La politesse exige après une réception, après un thé (assis naturellement), de ne pas partir précipitamment comme si on était pressé, mais d'ajouter quelques mots de separation, debout, près de la porte. Mais il ne faut pas que le temps passé se séparer soit long que le temps rete assis. Le  proverbe montre qu'il connaît bien son public: les Juifs aiment beaucoup parler, de telles exceptions n'étaient pas dans la pratique aussi exceptionnelles et fallait a chaque reception prévoir un fameux supplément pour les compliments "à la debout".

PARTIR A L'ISRAELIENNE

L'unite du peuple juif quel que soit le pays de Diaspora, se reconnaît aux petits détails, cette habitude des parlottes debout a donné en Israël une succulente définition. Savez-vous quelle est la différence entre filer à l'anglaise et filer à l'israélienne? Filer à l'anglaise c'est partir sans dire au revoir, et filer à la juive? c'est dire au revoir sans partir!

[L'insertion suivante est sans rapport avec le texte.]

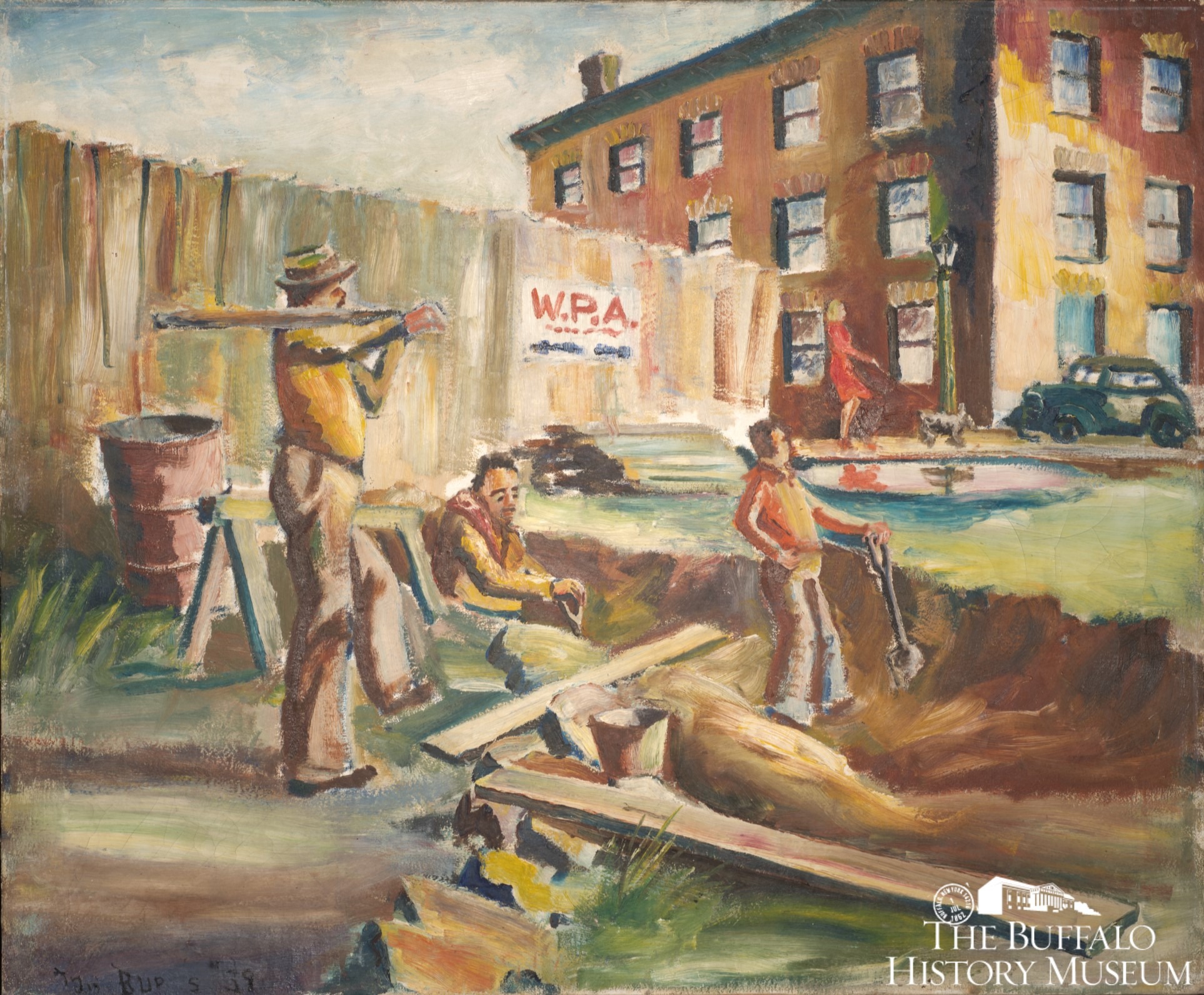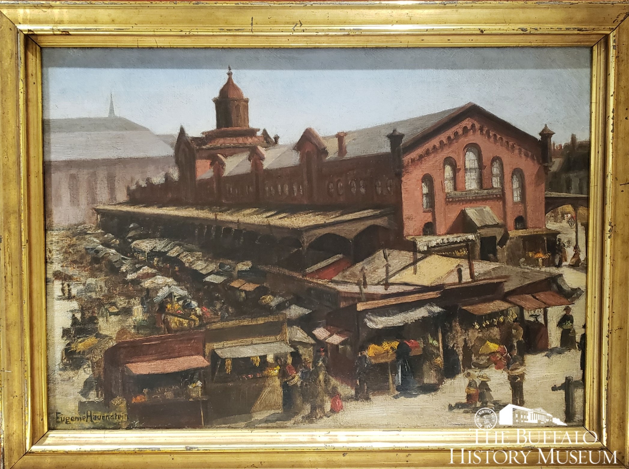 Eugenie Hauenstein was a local artist who studied at the Buffalo Fine Arts Academy and was a member of several art organizations throughout Buffalo. The Washington Market, more popularly known as the Chippewa Market, opened in 1856 on the corner of Washington and Chippewa Streets. When it closed in 1965, it was the oldest outdoor farmer’s market in Western New York.

Hta hzak                                                          Ce n'est qu'après avoir pété

A 'd smmt qu 'ao                                              qu'il a serré les fesses.

Il faut faire attention avant et non après si on veut éviter les catastrophes ou les impairs. La ré­flexion doit précéder l'action — comme recommande le dicton hébraïque: sof massé bémahehava téhila; "la fin d'un acte dans la manière dans laquelle il a été pensé". Ce proverbe définissait donc aussi bien le manquement aux règles de la convenance qu'à celles de la logique.

La politesse comme la pornographie, est une question de topographie. Au Mellah roter était le comble de l'inconvenance alors qu'en Médina c'était le comble du raffinement, après un bon repas. Par contre le pet en horreur en Médina bénéficiait d'une plus grande tolérance au Mellah surtout chez les enfants. La scatalogie on le sait est le plus gros fournisseur de blagues et le pet était toujours le bienvenu quand il s'agissait de faire rire, soit en en parlant ou encore mieux en le faisant entendre. Les enfants avaient même composé un poème en son honneur, bien dans l'esprit des Lumières: " Le pet est un gaz mystérieux qui sort d'une caverne et qui annonce avec fracas l'arrivée du Maréchal caca."

PAS LA PEINE DE POUSSER

Un jour une mouche particulièrement affamée et entreprenante se posa sur le derrière d'un âne et par l'odeur attirée voulut même s'aventurer plus loin lorsqu'un pet retentissant la projeta dehors avec fracas. Alors elle dit:

  • Dites qu'il n'y a pas de travail mais ce n'est pas la peine de pousser! Depuis c'était devenu une expression consacrée avec le sens: "dites le fermement mais poliment!"

DEPUIS LE PREMIER

L'envie le prit soudain de se dégager et ayant scruté l'horizon et n'ayant vu aucun visage connu donna libre cours à son échappement. Léger et court vêtu il allait à grands pas . Un moment en se retournant il vit un coréligionnaire derrière lui. Inquiet il lui demanda:

  • Depuis quand me suivez-vous?
  • Depuis le premier pet, Monsieur!